- [Directions for this task]
Pictures are to be left out, and the rest of the records reproduced exactly.

- [Material supplied]

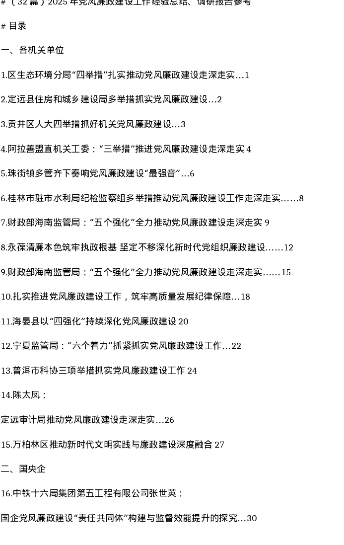 汇编:2025年党风廉政建设工作经验总结、调研报告32篇
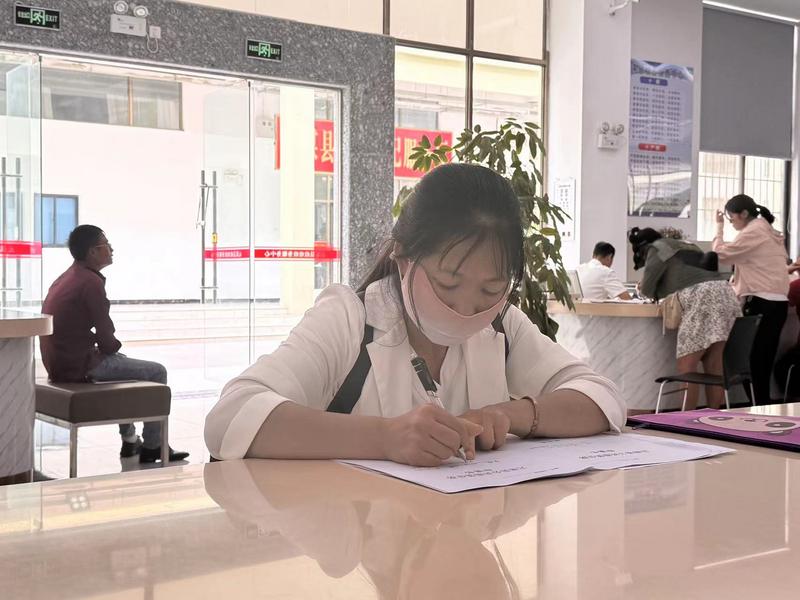 这天,一位前来申请公租房的群众李女士显得焦急,说是表格上的字写错了。旁边工作人员看到后,及时上前把涂改液递了过去,耐心指导她填报,还告知她现场自助填写区还有曲别针、涂改液和笔等小物件可自助使用。李女士接过涂改液,在工作人员帮助下,涂改并正确填写信息,脸上瞬间露出了感激的笑容,连声道谢:“谢谢,你们这里的服务真好。”
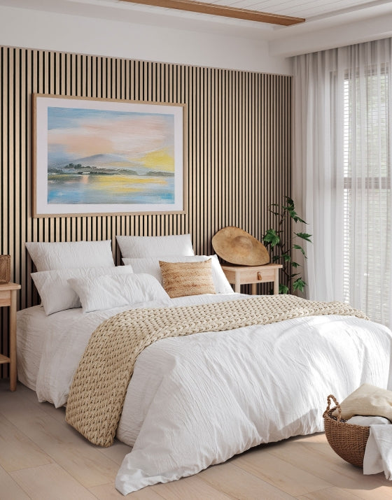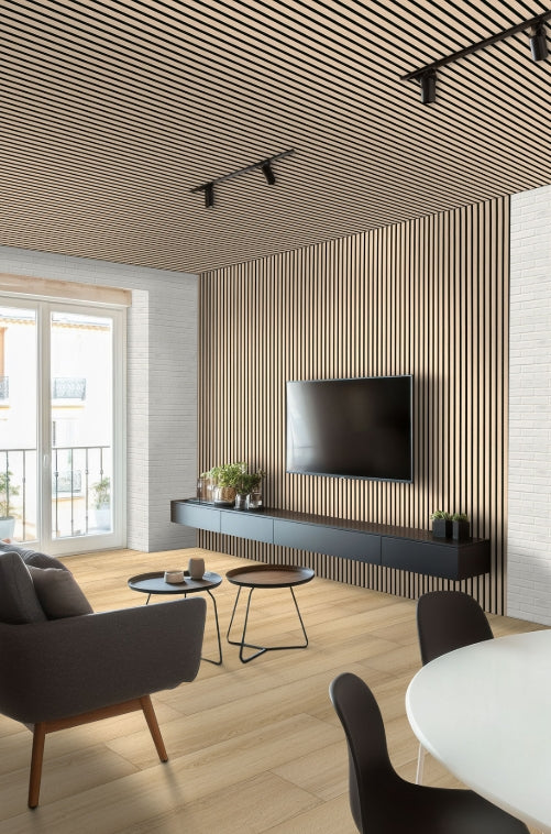 Unleash the perfect blend of design and sound with the Blonde Acoustic Wood Slat Wall Panels—where stunning coastal blonde tones meet top-tier acoustic performance. These fluted wood panels do more than just elevate your space; they transform it into a quiet haven. Engineered to minimize loud sounds from outside the room while providing exceptional sound absorption within, they bring both clarity and tranquility. With no need for staining or sanding, these panels offer effortless elegance and unbeatable acoustics. Ideal for home theaters, recording studios, or any space craving style and sound control, they’re the ultimate upgrade for any room.
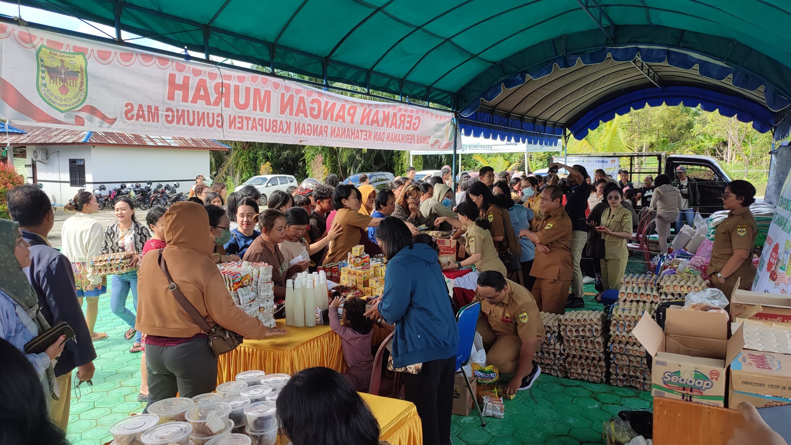 Gerakan Pangan Murah (GPM) yang dilaksanakan Dinas Perikanan dan Ketahanan Pangan (DPKP) Kabupaten Gunung Mas (Gumas) di Halaman Kantor DPKP Gumas Jalan Brigjen Katamso Kuala Kurun, Senin (24/3/2025),mendapat antusiasme warga yang sangat tinggi.
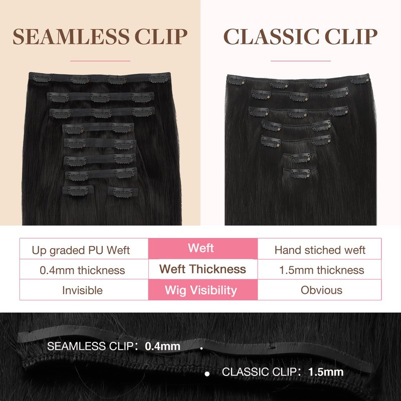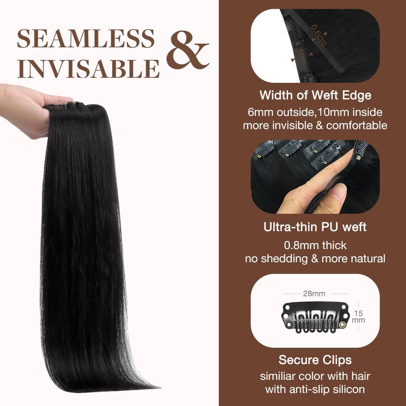 - High-Quality Clips for Quick Wear: Our clip in extensions boast slim, silicone-backed clips for a barely-there feel, securely stitched and cushioned with gentle rubber to safeguard your scalp and hair. The PU design makes the seamless clip in hair extensions more invisible, comfortable, natural, and lighter. They're a breeze to self-apply and remove, perfect for effortlessly transforming your look for any event, from weddings to parties to date nights.
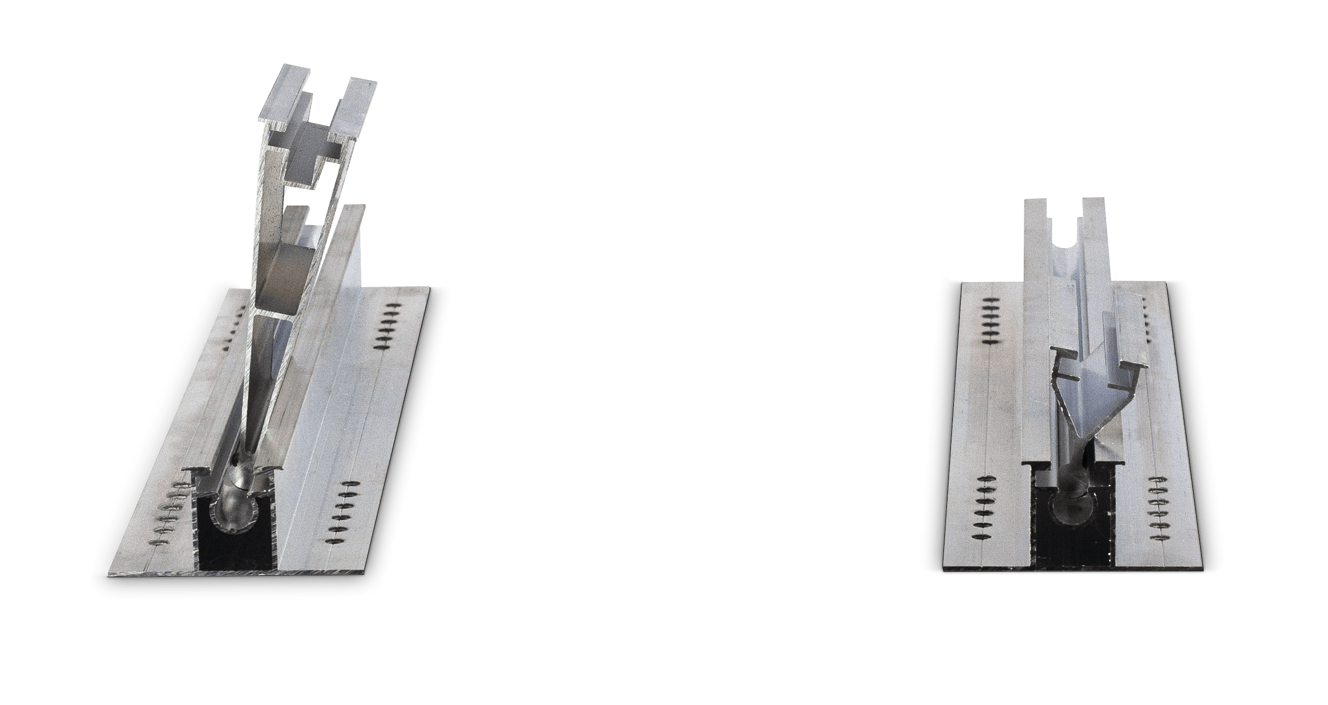 The trapezoidal sheet metal mounting base is ideal for watertight installation on the raised beads of trapezoidal sheet metal roofs. A solar module is installed directly on the trapezoidal sheet metal bridge. Optionally, adapter feet can be inserted into the rail and an additional inclination of 5 or 7 degrees is achieved. By clamping on the long side of the module frame, the module maintains the best possible load capacity.
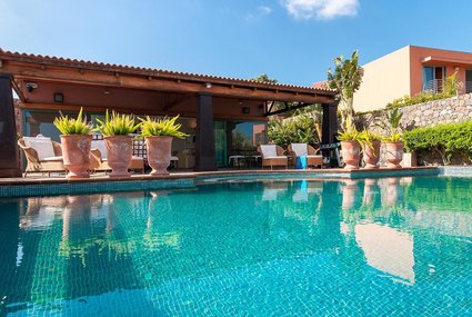 New, large, modern villa "La Salvia". House Equipment: whirlpool, central heating system, air conditioning, washing machine (private use), tumble dryer (private use). Access & Parking: parking by the house, private parking. All-season motor access to the house. Car recommended. Situation: in the centre of Salobre Golf Resort, in the district of Maspalomas, above Meloneras, quiet, elevated, sunny position. View from the apartment of the mountains and the garden. Surroundings of the house: grounds (private use, 1'000 m2, fenced), garden (private use), lawn (private use), swimming pool (private use, heated, length 8 m x width 2 m, open from 01.01. untill 31 .12.), paddling pool (private use), outside shower (private use), barbecue (private use). Facilities and distances: shop 200 m, grocers 200 m, supermarket 3 km, restaurant 200 m, sandy beach 3 km, golf course 50 m. Please note, nearby is a motorway in 1 km, main road in 50 m and ein airport/airfield in 25 km. Swimming pool heating: extra (50€/day, to be requested in the booking and to be paid on spot).
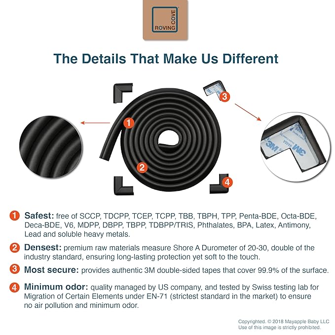 - CLEAN SAFETY: Roving Cove uses safe and pure raw material and was the first brand to make foam safety bumpers without the use of toxic flame-retardant chemicals (SCCPs). Our edge corner guards contain no BPA, no phthalates, no heavy metals, no latex, no SCCPs. Inherently flame-resistant; passed flammability tests under US regulations.
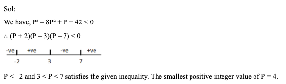 Q9. If P3 – 8P2 + P + 42 < 0, then what is the smallest positive integer value of P?
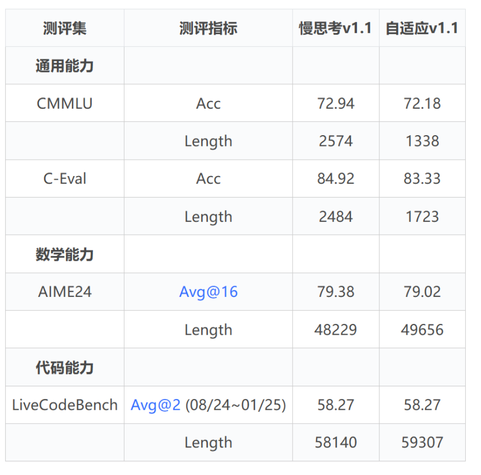 在某些基准测试中(例如中文综合知识测试集CMMLU),新模型在保持精度基本不变的前提下,将平均输出的思维链长度减少了近50%!也就是说,同一道简单题,它给出的解释步骤几乎缩短了一半,直接带来响应效率的翻倍提升。
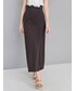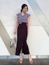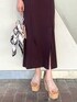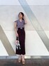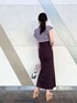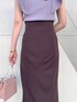 \シックなニュアンスカラーで大人の夏コーデ♡/ くすみラベンダーのようなグレーのニットトップス×パープルニュアンスのあるダークなブラウンのスカートで、大人っぽいカラーコーディネート。 カラーはシックにstylingしていますが、 甘さのあるトップス、ピンクのミニbag、ウエッジサンダル...とitem合わせで大人フェミニンにまとめました♡bagに合わせた柄スカーフもアクセントに⤴︎ 大人女性の夏のお出かけstyleとしてオススメです☺︎ 【トップス】 ラッフルスリーブ・ボウタイデザインがPOINTのコンパクトニット。 サラッとしたサマーニットで着心地も良く、 春はアウターの中にボウタイを覗かせて、夏は一枚で...これからの季節に大活躍してくれる一枚です♡ 裾がリブになっているので、ボトムINもスッキリ決まります! 【スカート】 ストンとしたIシルエットのスカート。 ストレッチの効いた素材と、ウエストのバックゴムシャーリングで履き心地抜群です! さり気ないフロントスリットで抜け感があり、足さばきも軽快に♪ シンプルながらMERCURYDUOらしいニュアンスカラーの展開で、着回し力・オシャレ見えが両方とも叶う一枚♡ ウエストはゆったりめですがハイウエストのお作りなので、 ウエストが細めの方でも高い位置で留まってくれます! (162㎝/骨格スカートの私はSサイズ着用でピッタリ。Mサイズだと+4㎝丈でゆとりがありました☑︎)
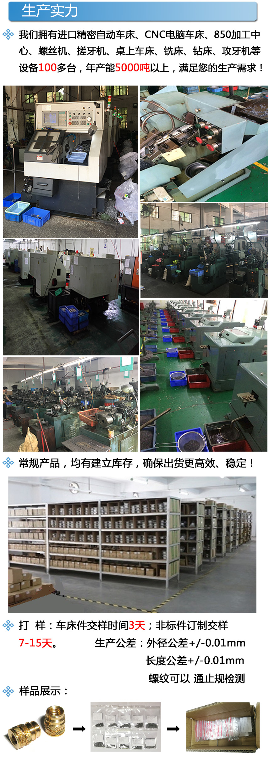 拥有100多台台湾精密自动车床、CNC电脑车床、850加工中心、螺丝机、桌上车床、铣床、钻床、攻牙机等设备。拥有多年的生产技术经验,配备先进的生产设备和一支以科技为重心的优秀工程技术团队,并实行全面品质化管理,以优秀的品质和最好的状态诚为贵公司精确、快捷、优质的服务.
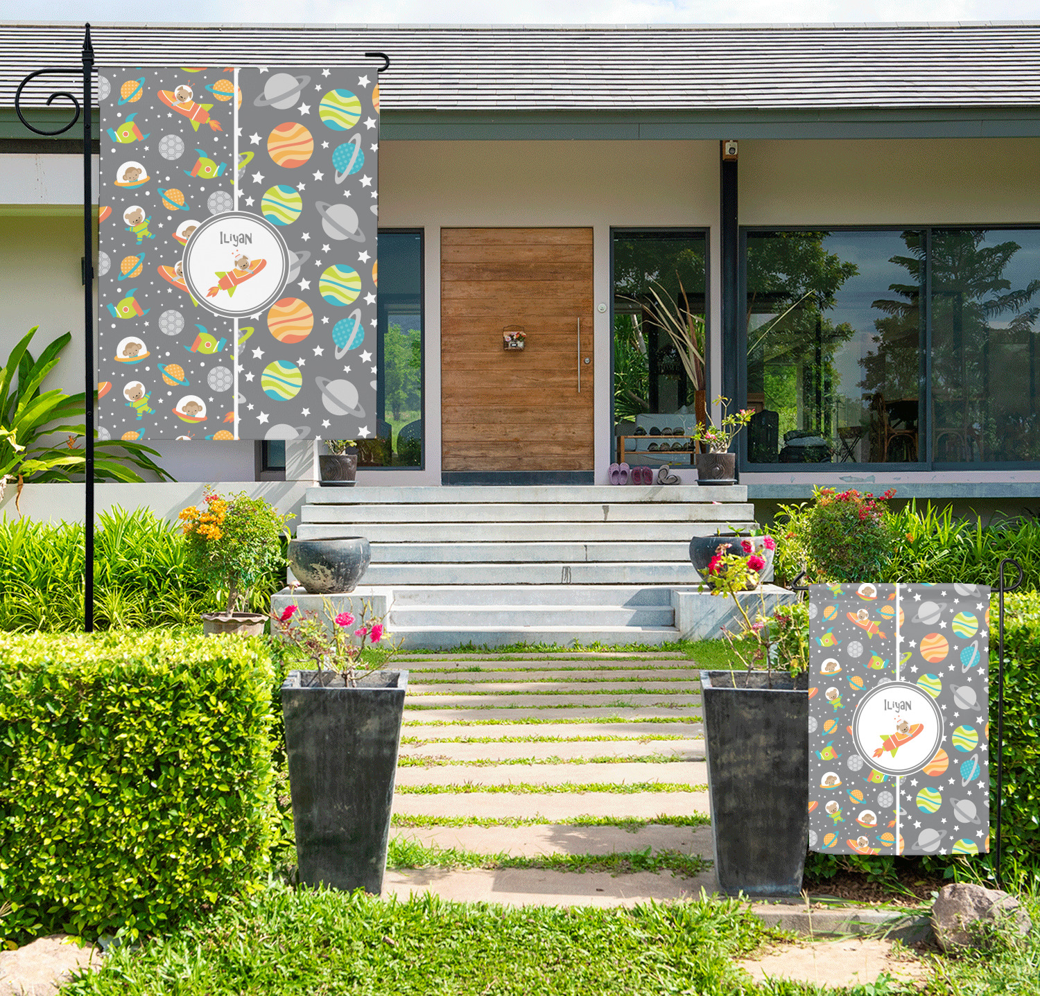 These custom garden flags are made of a durable, double-ply, polyester weave, allowing them to withstand the elements year round. The small flags measure at approximately 12 by 18 inches. The large flags measure out to 28 by 37 inches. You can order these decorative flags with your customization printed on the front only, or the front and back.
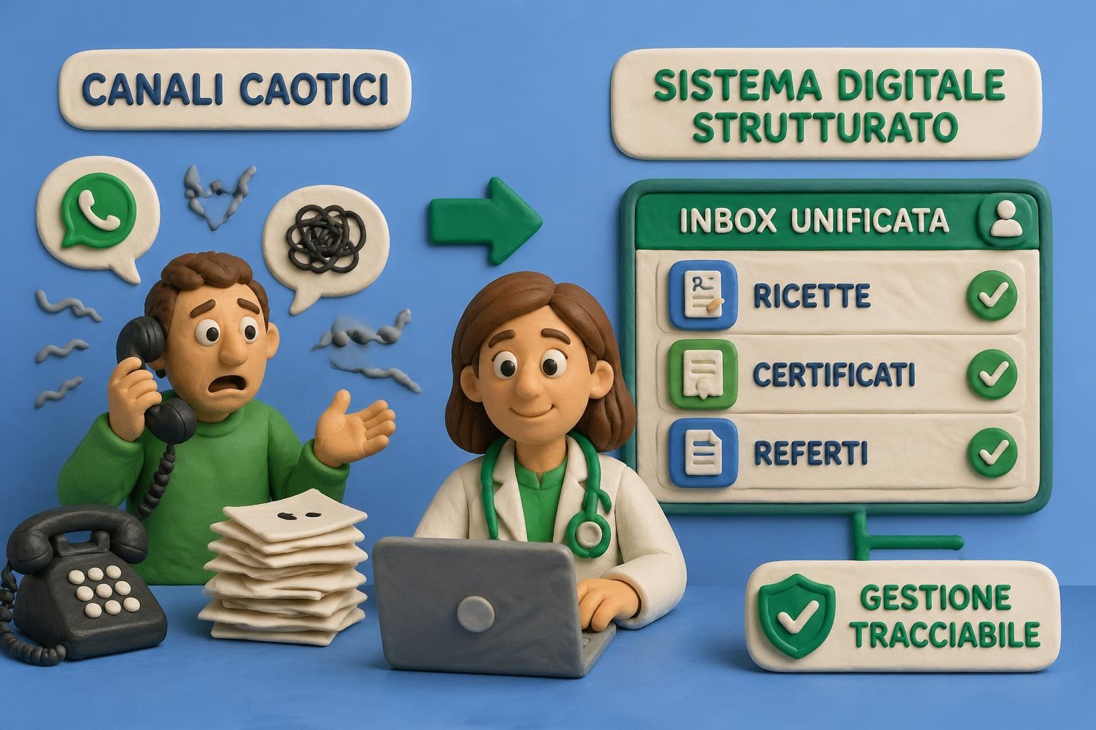 Una soluzione digitale efficace per i medici di medicina generale non può essere semplicemente un'app di messaggistica. Deve invece strutturare il lavoro, trasformando richieste disordinate in flussi tracciabili e gestibili.

- [Result of this task]
 汇编:2025年党风廉政建设工作经验总结、调研报告32篇
 这天,一位前来申请公租房的群众李女士显得焦急,说是表格上的字写错了。旁边工作人员看到后,及时上前把涂改液递了过去,耐心指导她填报,还告知她现场自助填写区还有曲别针、涂改液和笔等小物件可自助使用。李女士接过涂改液,在工作人员帮助下,涂改并正确填写信息,脸上瞬间露出了感激的笑容,连声道谢:“谢谢,你们这里的服务真好。”
 Unleash the perfect blend of design and sound with the Blonde Acoustic Wood Slat Wall Panels—where stunning coastal blonde tones meet top-tier acoustic performance. These fluted wood panels do more than just elevate your space; they transform it into a quiet haven. Engineered to minimize loud sounds from outside the room while providing exceptional sound absorption within, they bring both clarity and tranquility. With no need for staining or sanding, these panels offer effortless elegance and unbeatable acoustics. Ideal for home theaters, recording studios, or any space craving style and sound control, they’re the ultimate upgrade for any room.
 Gerakan Pangan Murah (GPM) yang dilaksanakan Dinas Perikanan dan Ketahanan Pangan (DPKP) Kabupaten Gunung Mas (Gumas) di Halaman Kantor DPKP Gumas Jalan Brigjen Katamso Kuala Kurun, Senin (24/3/2025),mendapat antusiasme warga yang sangat tinggi.
 - High-Quality Clips for Quick Wear: Our clip in extensions boast slim, silicone-backed clips for a barely-there feel, securely stitched and cushioned with gentle rubber to safeguard your scalp and hair. The PU design makes the seamless clip in hair extensions more invisible, comfortable, natural, and lighter. They're a breeze to self-apply and remove, perfect for effortlessly transforming your look for any event, from weddings to parties to date nights.
 The trapezoidal sheet metal mounting base is ideal for watertight installation on the raised beads of trapezoidal sheet metal roofs. A solar module is installed directly on the trapezoidal sheet metal bridge. Optionally, adapter feet can be inserted into the rail and an additional inclination of 5 or 7 degrees is achieved. By clamping on the long side of the module frame, the module maintains the best possible load capacity.
 New, large, modern villa "La Salvia". House Equipment: whirlpool, central heating system, air conditioning, washing machine (private use), tumble dryer (private use). Access & Parking: parking by the house, private parking. All-season motor access to the house. Car recommended. Situation: in the centre of Salobre Golf Resort, in the district of Maspalomas, above Meloneras, quiet, elevated, sunny position. View from the apartment of the mountains and the garden. Surroundings of the house: grounds (private use, 1'000 m2, fenced), garden (private use), lawn (private use), swimming pool (private use, heated, length 8 m x width 2 m, open from 01.01. untill 31 .12.), paddling pool (private use), outside shower (private use), barbecue (private use). Facilities and distances: shop 200 m, grocers 200 m, supermarket 3 km, restaurant 200 m, sandy beach 3 km, golf course 50 m. Please note, nearby is a motorway in 1 km, main road in 50 m and ein airport/airfield in 25 km. Swimming pool heating: extra (50€/day, to be requested in the booking and to be paid on spot).
 - CLEAN SAFETY: Roving Cove uses safe and pure raw material and was the first brand to make foam safety bumpers without the use of toxic flame-retardant chemicals (SCCPs). Our edge corner guards contain no BPA, no phthalates, no heavy metals, no latex, no SCCPs. Inherently flame-resistant; passed flammability tests under US regulations.
 Q9. If P3 – 8P2 + P + 42 < 0, then what is the smallest positive integer value of P?
 在某些基准测试中(例如中文综合知识测试集CMMLU),新模型在保持精度基本不变的前提下,将平均输出的思维链长度减少了近50%!也就是说,同一道简单题,它给出的解释步骤几乎缩短了一半,直接带来响应效率的翻倍提升。
 \シックなニュアンスカラーで大人の夏コーデ♡/ くすみラベンダーのようなグレーのニットトップス×パープルニュアンスのあるダークなブラウンのスカートで、大人っぽいカラーコーディネート。 カラーはシックにstylingしていますが、 甘さのあるトップス、ピンクのミニbag、ウエッジサンダル...とitem合わせで大人フェミニンにまとめました♡bagに合わせた柄スカーフもアクセントに⤴︎ 大人女性の夏のお出かけstyleとしてオススメです☺︎ 【トップス】 ラッフルスリーブ・ボウタイデザインがPOINTのコンパクトニット。 サラッとしたサマーニットで着心地も良く、 春はアウターの中にボウタイを覗かせて、夏は一枚で...これからの季節に大活躍してくれる一枚です♡ 裾がリブになっているので、ボトムINもスッキリ決まります! 【スカート】 ストンとしたIシルエットのスカート。 ストレッチの効いた素材と、ウエストのバックゴムシャーリングで履き心地抜群です! さり気ないフロントスリットで抜け感があり、足さばきも軽快に♪ シンプルながらMERCURYDUOらしいニュアンスカラーの展開で、着回し力・オシャレ見えが両方とも叶う一枚♡ ウエストはゆったりめですがハイウエストのお作りなので、 ウエストが細めの方でも高い位置で留まってくれます! (162㎝/骨格スカートの私はSサイズ着用でピッタリ。Mサイズだと+4㎝丈でゆとりがありました☑︎)
 拥有100多台台湾精密自动车床、CNC电脑车床、850加工中心、螺丝机、桌上车床、铣床、钻床、攻牙机等设备。拥有多年的生产技术经验,配备先进的生产设备和一支以科技为重心的优秀工程技术团队,并实行全面品质化管理,以优秀的品质和最好的状态诚为贵公司精确、快捷、优质的服务.
 These custom garden flags are made of a durable, double-ply, polyester weave, allowing them to withstand the elements year round. The small flags measure at approximately 12 by 18 inches. The large flags measure out to 28 by 37 inches. You can order these decorative flags with your customization printed on the front only, or the front and back.
 Una soluzione digitale efficace per i medici di medicina generale non può essere semplicemente un'app di messaggistica. Deve invece strutturare il lavoro, trasformando richieste disordinate in flussi tracciabili e gestibili.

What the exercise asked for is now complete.